In the modern era, Chheharta gained prominence due to the contributions of Communist Party of India leaders Satya Pal Dang and Vimla Dang, who made it their home in the early 1950s. The couple played a pivotal role in shaping Chheharta’s socio-political landscape, dedicating their lives to public welfare and justice. Satya Pal Dang served as the first president of Chheharta municipality in 1953 and went on to become a key figure in Punjab’s political history. Under Vimla Dang’s leadership, Chheharta became the first place in Punjab to establish a creche for working-class women, setting a precedent for progressive community development.

==Present==
The town is now an industrial township with a large concentration of population. The Town attracts huge visitors on the occasion of Basant Panchmi in which the Old tradition of Kite Flying is still very common. The Crowd is enriched with people wearing yellow turbans which hold a significance to the spring festival. It is famous for Basant Panchmi which is a festival marking Spring season people living in Punjab. People from all over the Punjab visit and fly kites and offer prayers to their Guru .

==Rail==
Cheharta Railway Station is the first railway station while going towards Attari railway station.
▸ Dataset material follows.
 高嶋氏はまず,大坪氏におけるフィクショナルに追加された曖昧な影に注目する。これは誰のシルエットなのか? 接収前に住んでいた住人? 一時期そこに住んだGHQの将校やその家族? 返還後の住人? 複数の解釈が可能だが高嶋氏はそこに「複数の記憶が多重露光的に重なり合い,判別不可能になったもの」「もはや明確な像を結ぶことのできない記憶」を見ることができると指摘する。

It is famous for its historical Gurudwara. And is the main station for import and export with Pakistan.

It has 2 platforms. One is for passengers and other one is for freight train. Government has planned to construct 2 washing lines in this railway station.
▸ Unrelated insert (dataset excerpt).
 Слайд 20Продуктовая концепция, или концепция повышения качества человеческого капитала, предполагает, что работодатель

The Town is well connected to the other parts of the state, being 4 km away from the Amritsar Junction railway station. Chheharta Railway Station is the main terminal station. The Railway Station operation is confined mainly to goods trains. It is heavily used to load and unload merchandise which earns it a monthly revenue of 9 crore. The Station meet the local demands with the help of Solitary passenger train Amritsar-Chheharta-Attari and Attari-Chheharta-Amritsar.
The Ministry of Railways have allocated Rs 60 crore for its infrastructure. The railway station will be developed into a satellite railway station.